ACTION ITEM
Each entry below should be given again exactly; the pictures stay out.

---------- RECORDS TO USE

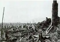 As forests in the north were cut down to meet the growing demand for lumber in the late 19th century, logging firms turned to the virgin forests of Southern Appalachia. Between 1908 and 1912, northern lumber firms, namely Dickey and Campbell (later Perley and Crockett), Brown Brothers, Carolina Spruce, and Champion Fibre, bought up timber rights to most of the Black Mountains and began a series of massive logging operations in the area. In 1911, Dickey and Campbell managed to construct a narrow-gauge railroad line connecting the Swannanoa Valley with Clingmans Peak. Other narrow-gauge lines quickly followed. Between 1909 and 1915, much of the forest on the upper slopes and crest was cut down. An increase in demand for red spruce during World War I led to the rapid deforestation of much of the spruce-fir forest in the higher elevations. As forests were removed, forest fires (caused by the ignition of dried brush and slash left by loggers) and erosion denuded what was left of the landscape.[23]
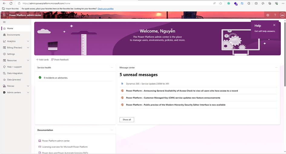 Bước 1: Truy cập vào Power Platform Admin Center bằng đường dẫn sau: https://admin.powerplatform.microsoft.com
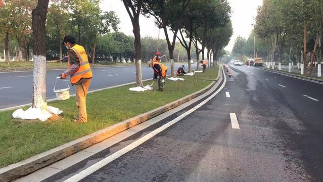 公司嚴(yán)格要求刷白“精細(xì)化”養(yǎng)護(hù)標(biāo)準(zhǔn),首先根據(jù)喬木、花卉類樹(shù)木的特性,區(qū)別了刷白高度;其次,在刷白時(shí)采取了墊襯措施,確保地面和地被植物干凈美觀;最后,按照止口平整,高度一致,刷白均勻,不留死角的要求,在城區(qū)多主干道和公園同時(shí)開(kāi)展刷白工作。
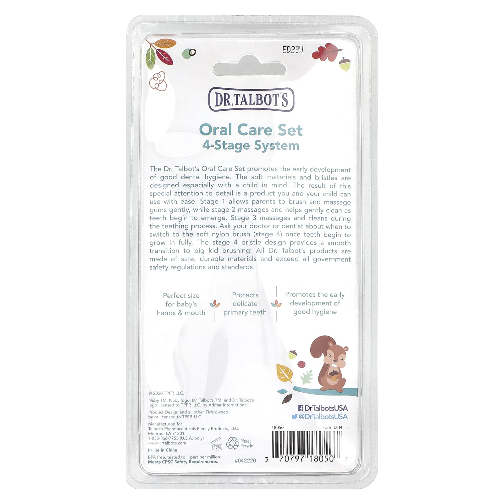 Доктор Набор для ухода за полостью рта от Talbot способствует развитию надлежащей гигиены полости рта. Мягкие материалы и щетина созданы специально для детей. Благодаря особому вниманию к деталям вы и ваш ребенок сможете легко использовать продукт. На первом этапе родители нежно чистят зубы и массируют десны, а на втором этапе - массаж, который помогает бережно чистить зубы по мере появления зубов. Этап 3: массаж и очищение во время прорезывания зубов. Спросите своего врача или стоматолога о том, когда следует переходить на мягкую нейлоновую щетку (этап 4), когда зубы начинают полностью расти. Конструкция из щетины Stage 4 обеспечивает плавный переход к чистке зубов большими детьми! Все Dr. Продукция Talbot изготовлена из безопасных, прочных материалов и превосходит все государственные нормы и стандарты безопасности.
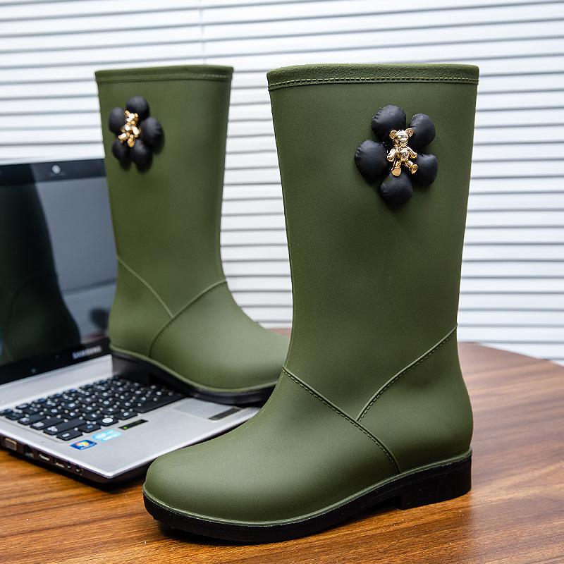 Новая модная высокая дождевая обувь женская водонепроницаемая обувь нескользящая и износостойкая резиновая обувь взрослые длинные резиновые сапоги 40 темно-зеленого

--------------------

RESULT BELOW
 As forests in the north were cut down to meet the growing demand for lumber in the late 19th century, logging firms turned to the virgin forests of Southern Appalachia. Between 1908 and 1912, northern lumber firms, namely Dickey and Campbell (later Perley and Crockett), Brown Brothers, Carolina Spruce, and Champion Fibre, bought up timber rights to most of the Black Mountains and began a series of massive logging operations in the area. In 1911, Dickey and Campbell managed to construct a narrow-gauge railroad line connecting the Swannanoa Valley with Clingmans Peak. Other narrow-gauge lines quickly followed. Between 1909 and 1915, much of the forest on the upper slopes and crest was cut down. An increase in demand for red spruce during World War I led to the rapid deforestation of much of the spruce-fir forest in the higher elevations. As forests were removed, forest fires (caused by the ignition of dried brush and slash left by loggers) and erosion denuded what was left of the landscape.[23]
 Bước 1: Truy cập vào Power Platform Admin Center bằng đường dẫn sau: https://admin.powerplatform.microsoft.com
 公司嚴(yán)格要求刷白“精細(xì)化”養(yǎng)護(hù)標(biāo)準(zhǔn),首先根據(jù)喬木、花卉類樹(shù)木的特性,區(qū)別了刷白高度;其次,在刷白時(shí)采取了墊襯措施,確保地面和地被植物干凈美觀;最后,按照止口平整,高度一致,刷白均勻,不留死角的要求,在城區(qū)多主干道和公園同時(shí)開(kāi)展刷白工作。
 Доктор Набор для ухода за полостью рта от Talbot способствует развитию надлежащей гигиены полости рта. Мягкие материалы и щетина созданы специально для детей. Благодаря особому вниманию к деталям вы и ваш ребенок сможете легко использовать продукт. На первом этапе родители нежно чистят зубы и массируют десны, а на втором этапе - массаж, который помогает бережно чистить зубы по мере появления зубов. Этап 3: массаж и очищение во время прорезывания зубов. Спросите своего врача или стоматолога о том, когда следует переходить на мягкую нейлоновую щетку (этап 4), когда зубы начинают полностью расти. Конструкция из щетины Stage 4 обеспечивает плавный переход к чистке зубов большими детьми! Все Dr. Продукция Talbot изготовлена из безопасных, прочных материалов и превосходит все государственные нормы и стандарты безопасности.
 Новая модная высокая дождевая обувь женская водонепроницаемая обувь нескользящая и износостойкая резиновая обувь взрослые длинные резиновые сапоги 40 темно-зеленого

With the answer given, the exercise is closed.